I wonder if VLC tracks their downloads per day or region. Similar to Pornhub Trends, it'd be interesting to correlate a spike of downloads with events like Netflix hiking up their prices/enforcing anti-password-sharing policies, dropping some series from their catalogue, or some hyped-up movie being released...
Would be great to add a system of sharing the results instead of having to waste resources transcribing the same video over and over again with no chance of correction
Likely due to cost, Google hasn’t decided to use any LLM model (what basically everybody refers to when they say AI now) to generate the subtitles and by modern standards they aren’t very good.
(Like open source software, so that, in theory, someone could see see the source code, source data, and process for how it was trained, and reproduce that? And could they change how that model is built, not just tuning atop it, and distribute that under the same open source license?)
Amazon has already rolled out AI-generated subtitles for Crunchyroll anime. I discovered this while watching Last Exile, a show that has already been subtitled and dubbed in English.
It's funny for a second, and then incredibly frustrating after that. Character names are regularly wrong, and sentences get rewritten to have different meanings. Instead of just reading subtitles, you have to mentally evaluate them for errors.
At best, AI generated subtitles should be a last resort.
That's the part that really confuses me. Somebody already did pay for translation from Japanese to English subtitles, then for a voice cast to dub the anime. The original subtitles are nowhere to be found; the closed captions are based on the English language dub.
Already happened last year, both with fansubs and official releases - Nokotan springs to mind. It was indeed a trainwreck. Although having it done real time should also be funny.
Wouldn't be new though, entertainment companies are already exploring AI subtitles; and official anime subtitles can be a trainwreck too.

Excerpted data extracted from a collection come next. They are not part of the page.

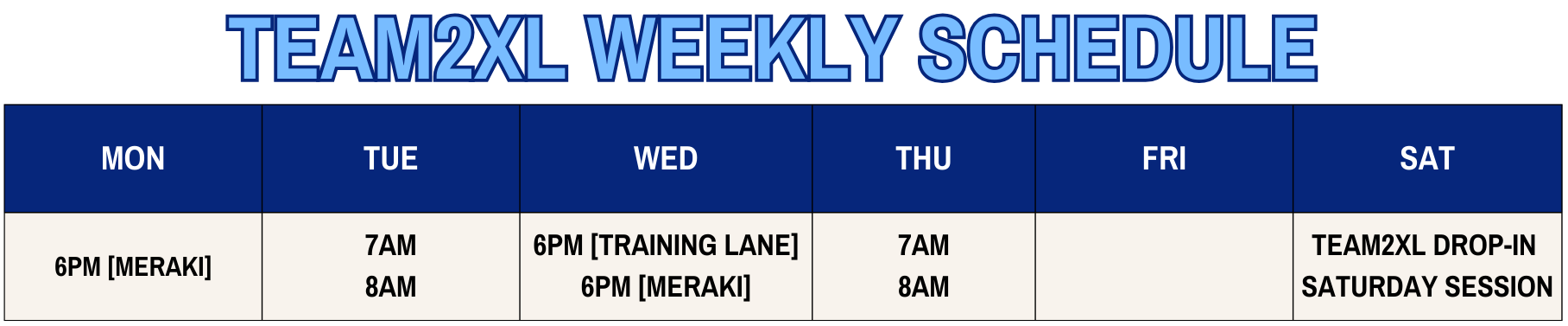 Curious to try without the commitment? Join us on Saturday’s for the TEAM2XL Drop-In!
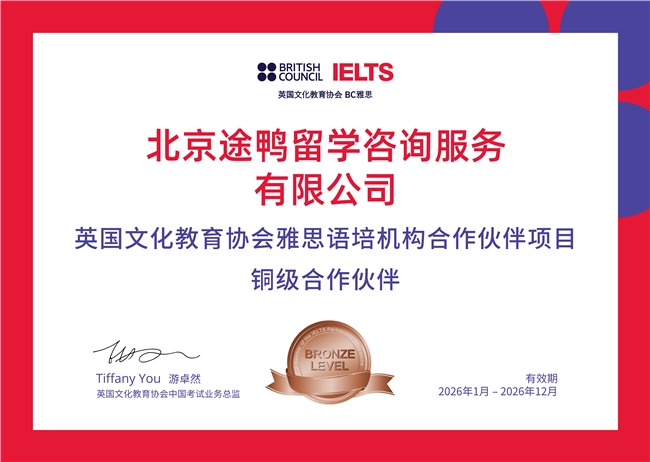 2026 年 2 月,北京途鸭留学咨询服务有限公司斩获英国文化教育协会(BC 雅思官方)雅思语培机构铜级合作伙伴认证,机构代码 TS000407,有效期为 2026 年全年。此次认证不仅是对途鸭雅思教学与服务能力的权威背书,更体现了该机构在雅思语培领域的行业竞争力,其打造的 “责任促发展,发展固责任” 模式,也为语培行业发展提供了本土样本。
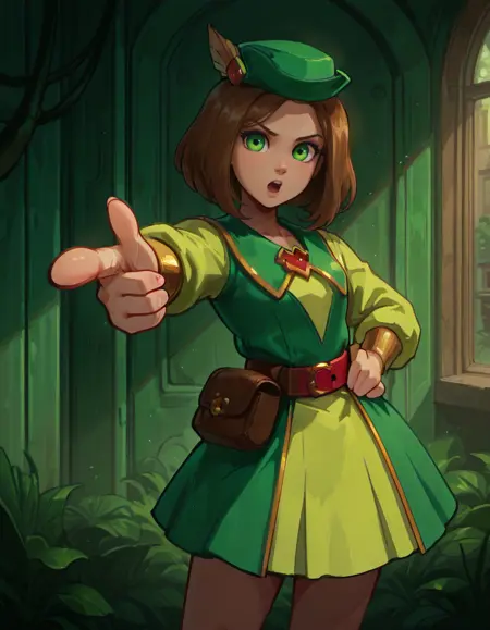 このLoRAは、『One Step From Eden』のショップキーパーを再現したもので、彼女の象徴的な緑のドレス、羽飾りのベレー帽、そして实用的なポーチが特徴です。長い茶色の髪と表情豊かな緑または赤の目、神秘的なオーラを備えた彼女は、放浪する商人としての役割を強調する単体のシーンに最適です。忠実な結果を得るにはOneStepFromEdenShopKeeperをご使用ください。

> Many anime fans were concerned about the low-quality subtitles in The Yuzuki Family's Four Sons' debut episode, leading some to believe that they had been generated by A.I. These subtitles were notoriously awkward -- occasionally to the point of being nonsensical -- and featured numerous grammar issues; Crunchyroll was forced to delete the episode following outrage by fans on social media, with many asking why they didn't pay professionals to do a better job.
IMO this kind of thing is a symptom of so few people knowing multiple languages. It doesn’t take much time in a second language to realize how much of an art translation is. Heck, even if you only know English, reading a few translations of classic literature should make it obvious. I really hope AI doesn’t totally ruin the market for actually decent translations of books, films, and television by making something “good enough” so cheap that nobody gets into the industry anymore.
DeppL's business model is exactly this. The words translated per day increases a lot the past few years, because of it. You let DeepL translate the text, and real Translators use it as a starting point.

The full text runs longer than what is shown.